Percona XtraBackup creates hot physical backups of InnoDB without locking tables or interrupting transactions. It copies the InnoDB data files while tracking the redo log to capture changes made during the copy. This makes it the standard tool for MySQL physical backups in production.

Full Backup¶

# Create a full backup
xtrabackup --backup --target-dir=/backup/base

# Prepare the backup (apply redo log for consistency)
xtrabackup --prepare --target-dir=/backup/base

# Restore (MySQL must be stopped)
systemctl stop mysql
rm -rf /var/lib/mysql/*
xtrabackup --copy-back --target-dir=/backup/base
chown -R mysql:mysql /var/lib/mysql
systemctl start mysql

The prepare step is critical. A raw XtraBackup is not consistent - it contains data files from different points in time plus redo log entries. The prepare step replays the redo log to bring all data files to a consistent state, just like InnoDB crash recovery.

Incremental Backups¶

XtraBackup supports incremental backups that only copy pages changed since the last backup. This dramatically reduces backup time and storage for large databases.

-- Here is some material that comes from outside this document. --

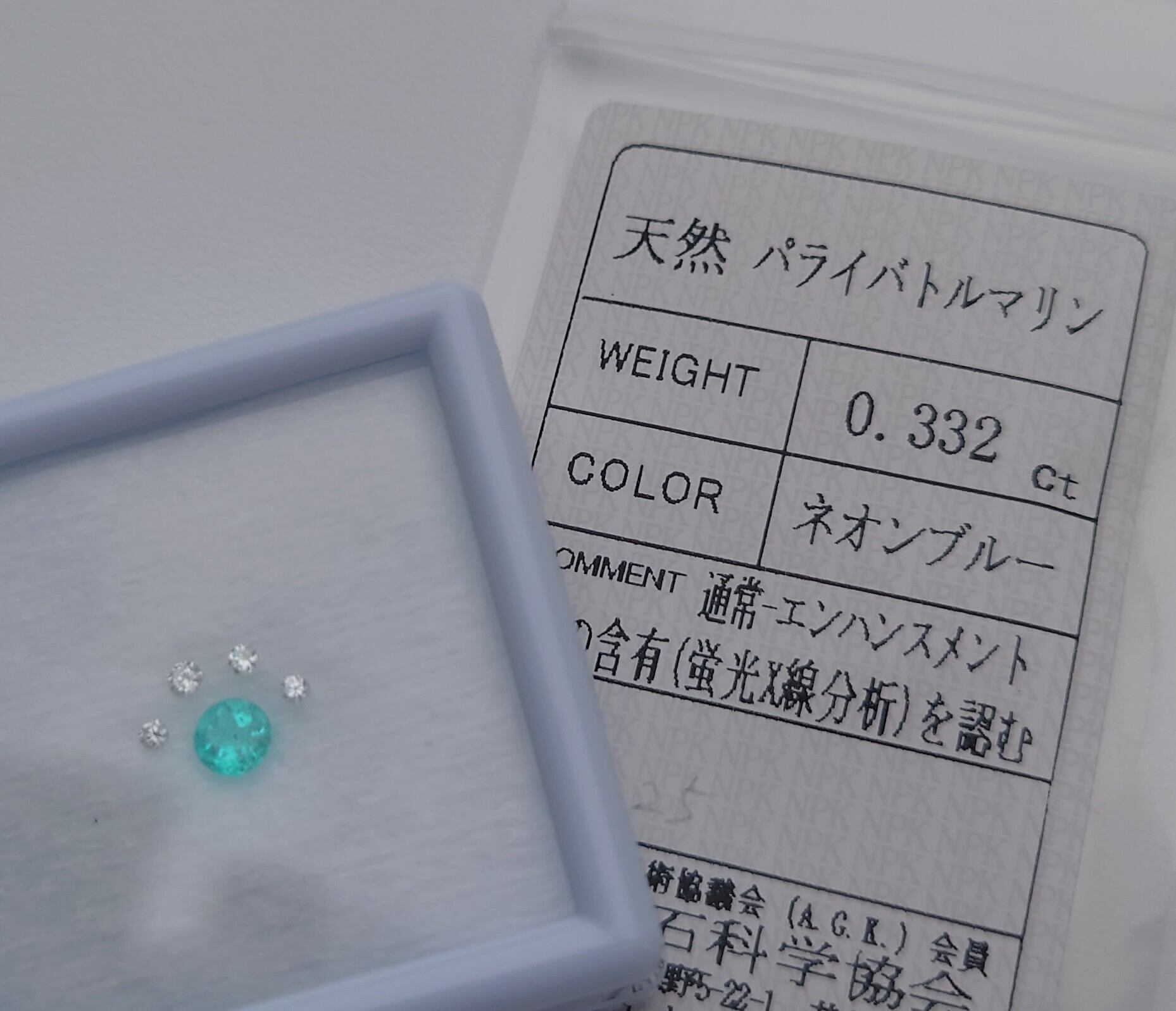 天然パライバトルマリン0.332ct(4.25×2.75)に、メレダイヤ4ピース(計0.1ct程)を配置した、にくきゅールースセットです♪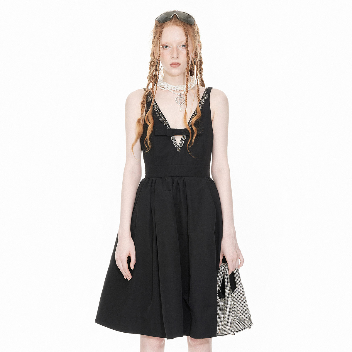 地素聚会钉珠连衣裙春季专柜复古冷酷经典小黑裙女 756811

# Full base backup (Sunday)
xtrabackup --backup --target-dir=/backup/base

# Incremental backup (Monday) - only changed pages
xtrabackup --backup --target-dir=/backup/inc1 \
  --incremental-basedir=/backup/base

# Incremental backup (Tuesday)
xtrabackup --backup --target-dir=/backup/inc2 \
  --incremental-basedir=/backup/inc1

Restoring an incremental chain requires preparing each increment in order:

# Prepare base (with --apply-log-only to preserve uncommitted transactions)
xtrabackup --prepare --apply-log-only --target-dir=/backup/base

# Apply incremental backups in order
xtrabackup --prepare --apply-log-only --target-dir=/backup/base \
  --incremental-dir=/backup/inc1

xtrabackup --prepare --apply-log-only --target-dir=/backup/base \
  --incremental-dir=/backup/inc2

# Final prepare (without --apply-log-only)
xtrabackup --prepare --target-dir=/backup/base

# Restore
systemctl stop mysql
rm -rf /var/lib/mysql/*
xtrabackup --copy-back --target-dir=/backup/base
chown -R mysql:mysql /var/lib/mysql
systemctl start mysql

The --apply-log-only flag

Use --apply-log-only during intermediate prepare steps. Without it, XtraBackup rolls back uncommitted transactions, which makes subsequent incremental applies fail. Only omit --apply-log-only on the final prepare step.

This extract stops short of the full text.